Source data:

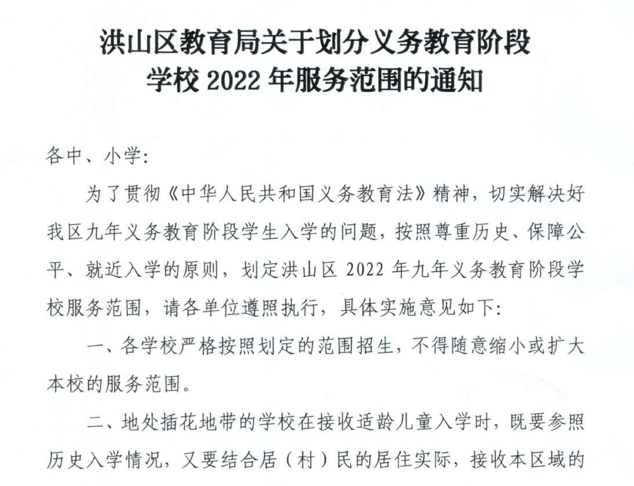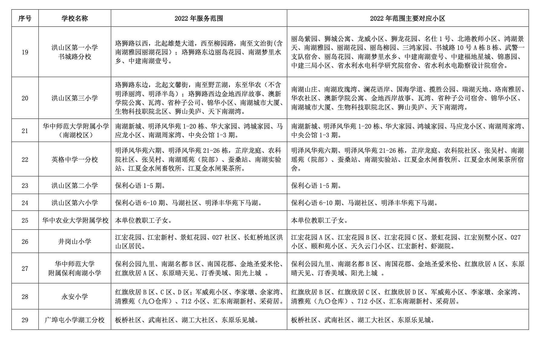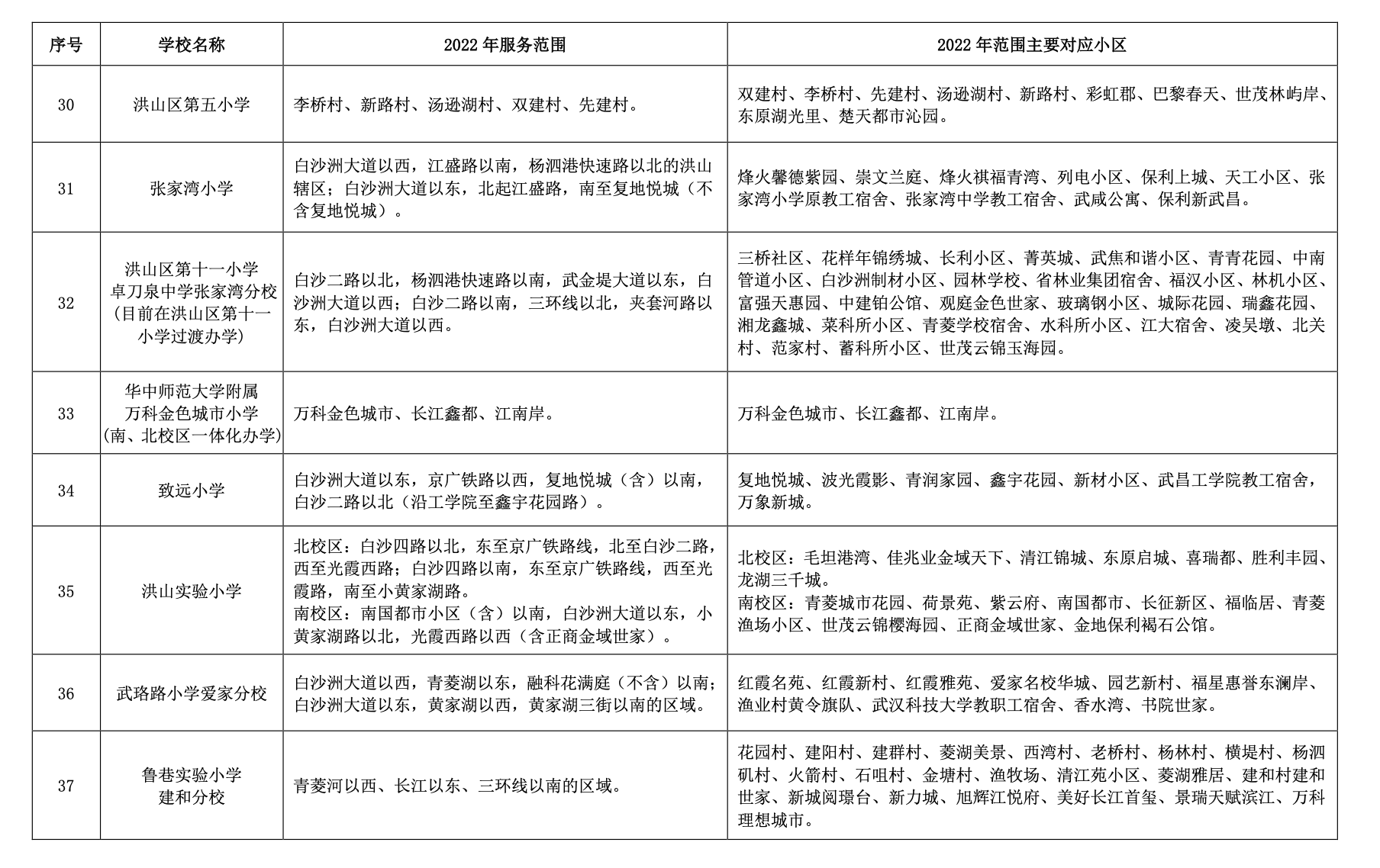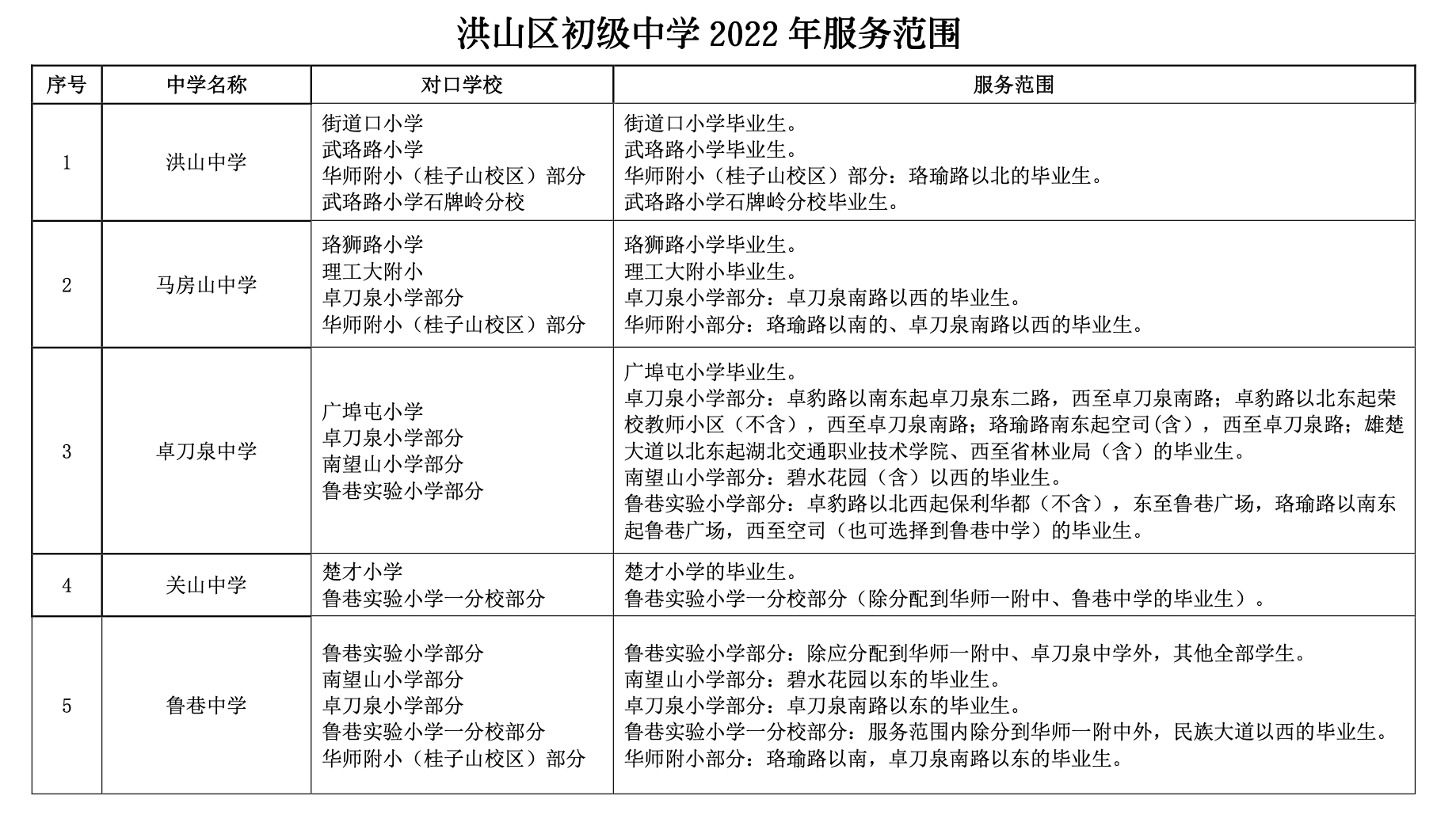 洪山区对口划片信息公布 2022-05-31 11:08 洪山区教育局 0 30日,洪山区教育局发布《关于划分义务教育阶段学校2022年服务范围的通知》,全文如下: 洪山区小学2022年服务范围: 洪山区初中2022年服务范围: 在大武汉 聊教育那些事 扫码入群 掌握新鲜的教育资讯 了解更多教育资讯请点击此处 (来源:洪山区教育局) 【编辑:郑晓晓】
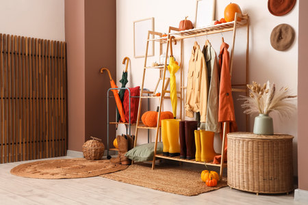 Wicker table, pumpkins, rack with clothes and umbrellas in interior of hallway
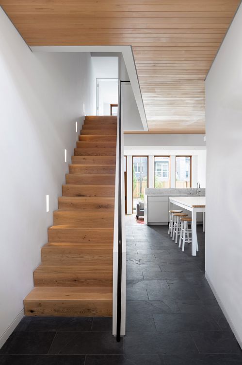 Архитекторы, очевидно, говорят о большом световом люке, прорезанном в надстроенном объеме. Действительно, благодаря этому элементу, выгодно отличающему обновленный таунхаус от соседних, интерьер стал значительно светлее.
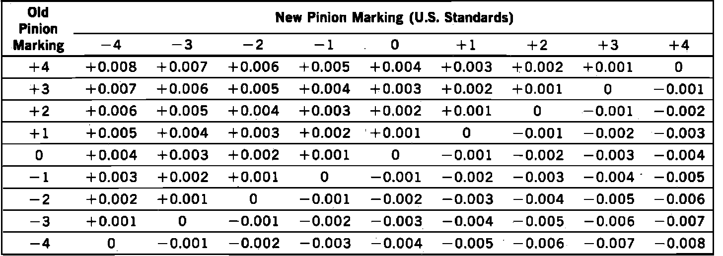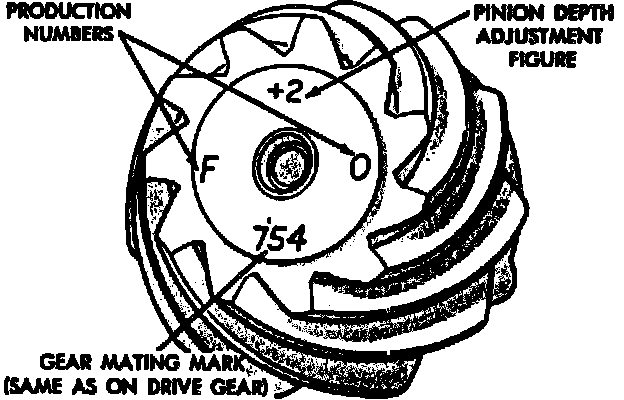 1. Inspect face of both new and old drive pinion for pinion depth modification code. To ensure proper contact of ring gear and pinion teeth, pinion may be marked with a plus (+) or minus ( - ) code number. This number indicates in thousandths of an inch necessary modifications of nominal pinion depth. It is essential that this code number be factored when selecting pinion depth adjusting shims.
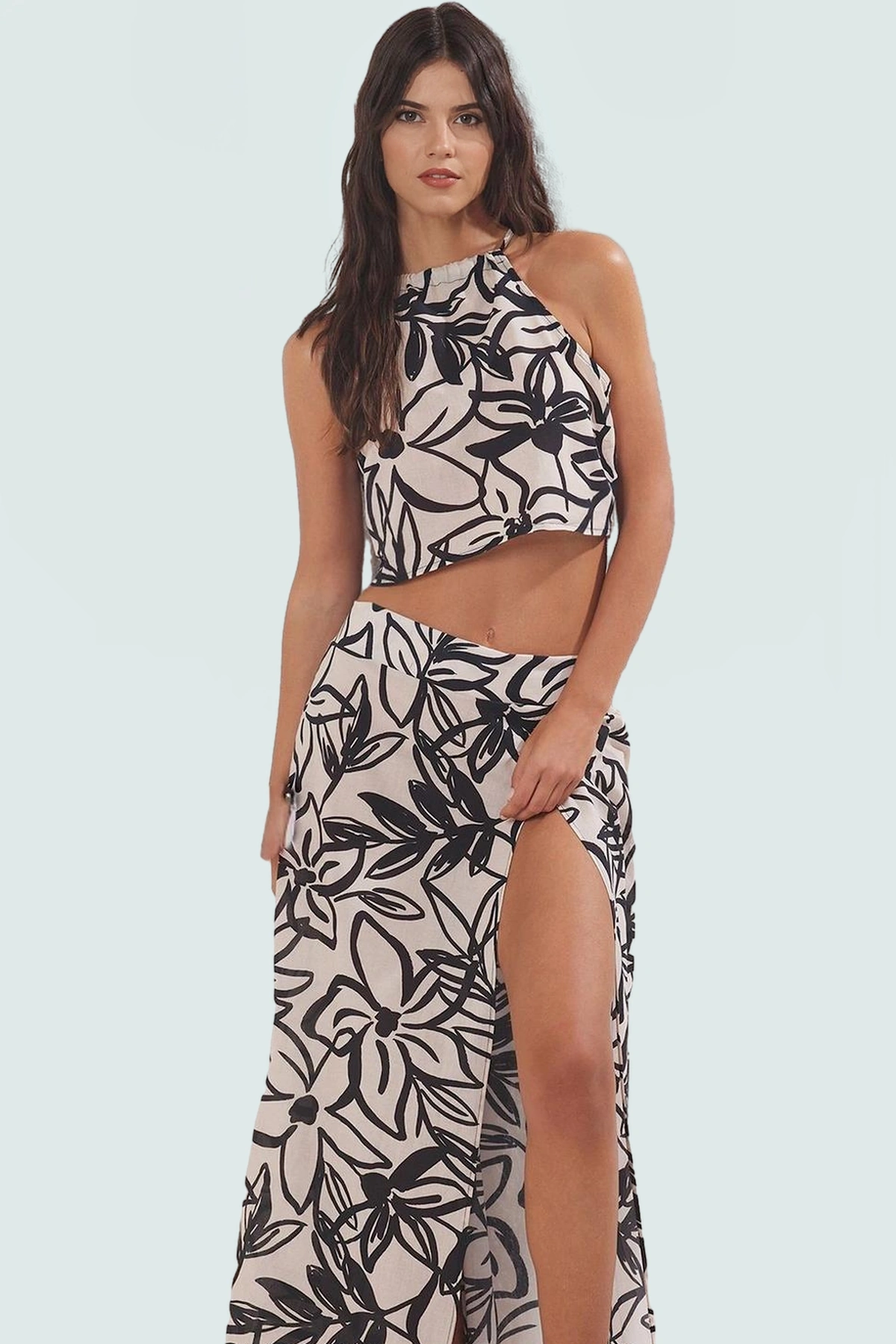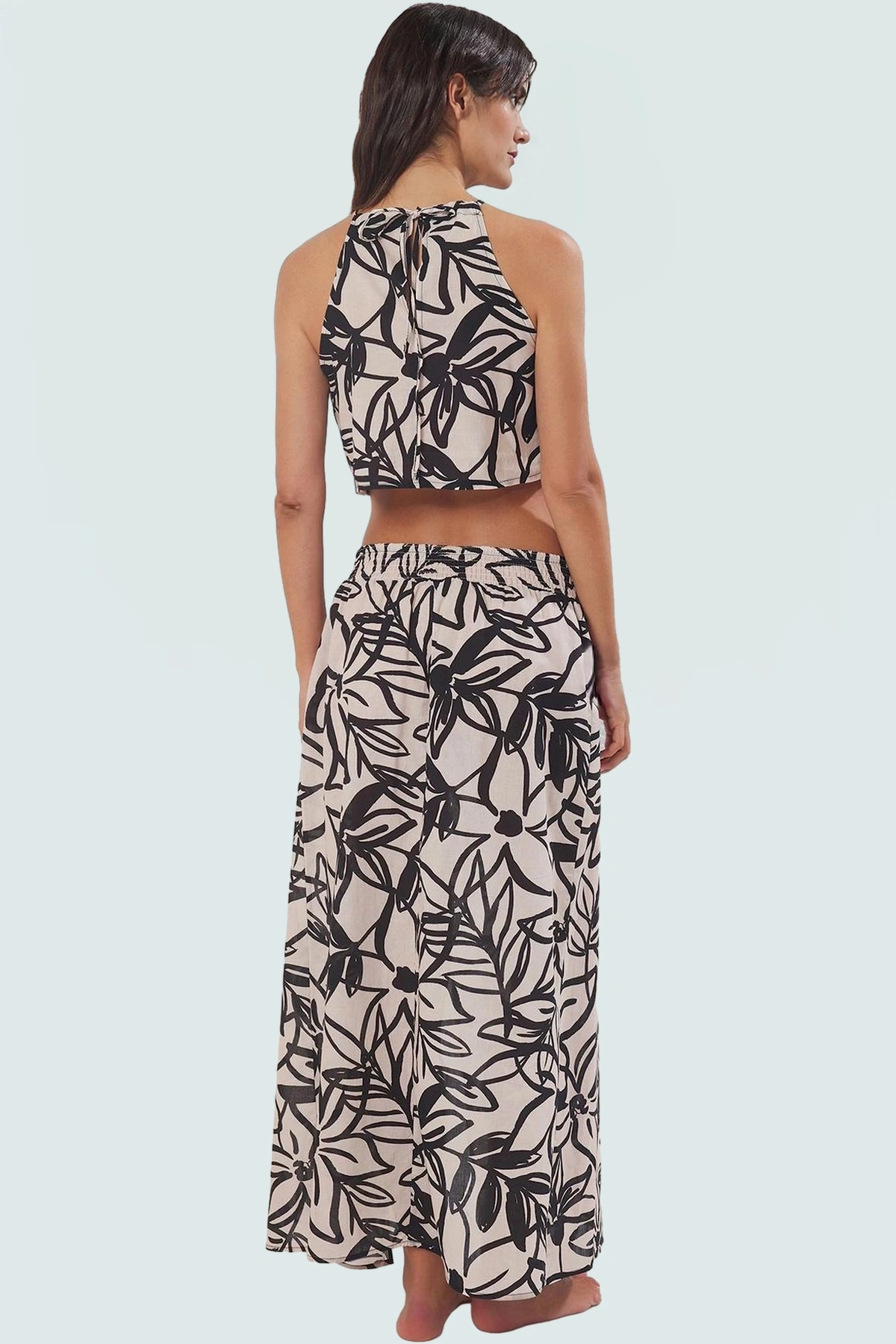 Modelin ölçüleri (Boy: 180cm, Göğüs: 80cm, Bel: 60cm, Kalça: 89cm) ve mankenin S (36) beden giydiği bilgisiyle, size en uygun bedeni seçebilirsiniz. Bu takım, sadece plaj için değil, yaz akşamlarında da şık ve rahat bir görünüm için ideal. Birbirinden farklı aksesuarlarla kombinleyerek, tarzınızı özgürce ifade edebilirsiniz. Bu yazın trend parçası olan bu takımı kaçırmayın!
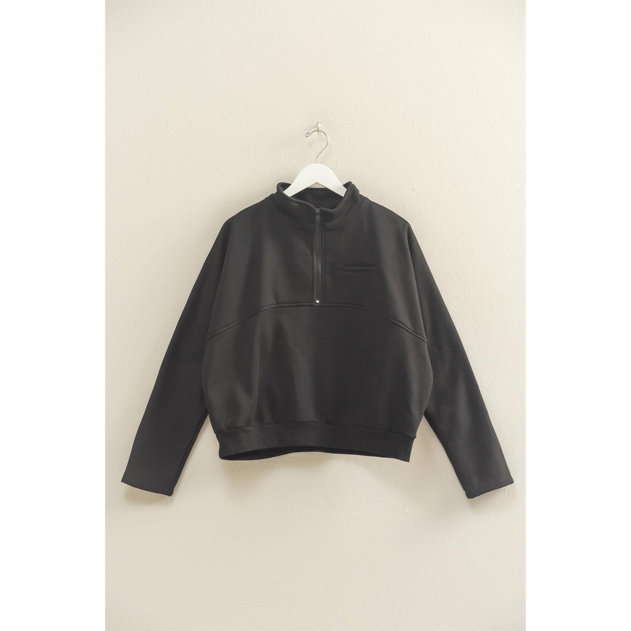 his top features a comfortable, relatable silhouette with a half-zip neckline and a discreet chest pocket for practical charm. The fit allows for easy layering, making it ideal for transitional weather. Style it with denim or layer under a jacket for a cozy yet refined look. Perfect for relaxed weekend outings or casual workdays. Model Is 5' 8" Tall, 32" Chest, 25" Waist, 34" Hips And Wearing A Size Small Imported. Designed In The USA

**Exercise:**
Restate word for word every line from the one with "Wicker table, pumpkins, rack" up to and including the one with "bu takımı kaçırmayın!" in the records above, minus the pictures.

**Answer for the task:**
 Wicker table, pumpkins, rack with clothes and umbrellas in interior of hallway
 Архитекторы, очевидно, говорят о большом световом люке, прорезанном в надстроенном объеме. Действительно, благодаря этому элементу, выгодно отличающему обновленный таунхаус от соседних, интерьер стал значительно светлее.
 1. Inspect face of both new and old drive pinion for pinion depth modification code. To ensure proper contact of ring gear and pinion teeth, pinion may be marked with a plus (+) or minus ( - ) code number. This number indicates in thousandths of an inch necessary modifications of nominal pinion depth. It is essential that this code number be factored when selecting pinion depth adjusting shims.
 Modelin ölçüleri (Boy: 180cm, Göğüs: 80cm, Bel: 60cm, Kalça: 89cm) ve mankenin S (36) beden giydiği bilgisiyle, size en uygun bedeni seçebilirsiniz. Bu takım, sadece plaj için değil, yaz akşamlarında da şık ve rahat bir görünüm için ideal. Birbirinden farklı aksesuarlarla kombinleyerek, tarzınızı özgürce ifade edebilirsiniz. Bu yazın trend parçası olan bu takımı kaçırmayın!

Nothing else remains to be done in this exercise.